2022 H2 Mathematics Paper 1 Question 1

Complex Numbers

Answers

{z=2 + \mathrm{i},}

{w=- \mathrm{i}.}

Full solutions

\begin{align} \mathrm{i}z + 2w &= - 1 \\ (2 - \mathrm{i})z + \mathrm{i}w &= 6 \end{align}

From

{(1),}

\begin{equation} w = \frac{- 1-\mathrm{i}z}{2} \end{equation}

Substituting

{(3)}

into

{(2),}

\begin{gather*} (2 - \mathrm{i})z + \mathrm{i} \left( \frac{- 1-\mathrm{i}z}{2} \right) = 6 \\ (4 - 2 \mathrm{i})z + \mathrm{i} ( -1 - \mathrm{i} z ) = 12 \\ (4 - 2 \mathrm{i})z - \mathrm{i} + z = 12 \\ (5 - 2 \mathrm{i})z = 12 + \mathrm{i} \end{gather*}

\begin{align*} z &= \frac{12 + \mathrm{i}}{5 - 2 \mathrm{i}} \times \frac{5 + 2 \mathrm{i}}{5 + 2 \mathrm{i}} \\ &= \frac{60 + 24 \mathrm{i} + 5\mathrm{i} + 2 \mathrm{i}^2}{5^2 + 2^2} \\ &= 2 + \mathrm{i} \; \blacksquare \end{align*}

\begin{align*} w &= \frac{-1-\mathrm{i}(2 + \mathrm{i})}{2} \\ &= \frac{-1 - 2\mathrm{i} - \mathrm{i}^2}{2} \\ &= - \mathrm{i} \; \blacksquare \end{align*}

Question Commentary

This question involves solving simultaneous equations involving complex numbers.
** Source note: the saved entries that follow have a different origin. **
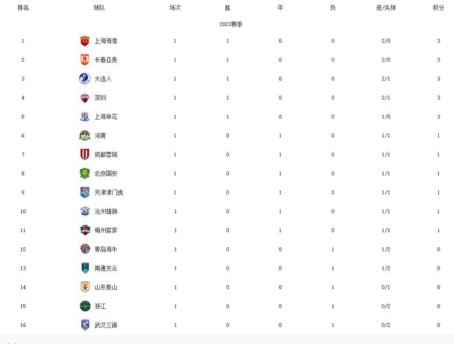 北京时间4月16日,2023赛季中超联赛首轮上演焦点之战,山东泰山客场挑战上海申花。此前6个赛季揭幕战全部赢球拿到开门红的山东泰山0-1不敌上海申花,国家队队长吴曦的一脚传中球意外变成射门破门得分,上海申花历史性连续3年赢得开门红。值得一提的是上赛季中超联赛前三名全部输球,而且1球未进还合计丢了5个球。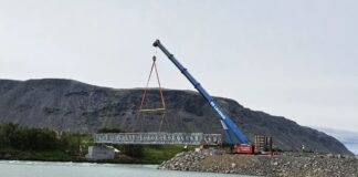 Bráðabirgðabrú hífð á Ölfusá með stærsta krana landsins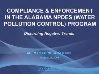 This document summarizes compliance and enforcement trends in Alabama's NPDES (water pollution control) program from 2004-2009. It finds that the percentage of major and non-major NPDES facilities inspected and receiving enforcement actions has declined in recent years. Data reliability for non-major facilities is also a concern. The document recommends reforms to strengthen enforcement of Alabama's water pollution regulations.

The approach we used above is by substitution: make ${w}$ the subject and substitute into the other equation to solve for ${z}$ by making ${z}$ the subject. An elimination approach will be feasible too.

Some students reach for the technique where they let ${z = x+y\mathrm{i},}$ where ${x}$ and ${y}$ are real. They then attempt to solve for ${x}$ and ${y}$ by comparing real and imaginary parts. This technique, while not incorrect, leads to much more tedious calculations.

We should strive to use simpler methods and use the comparison approach as a last resort.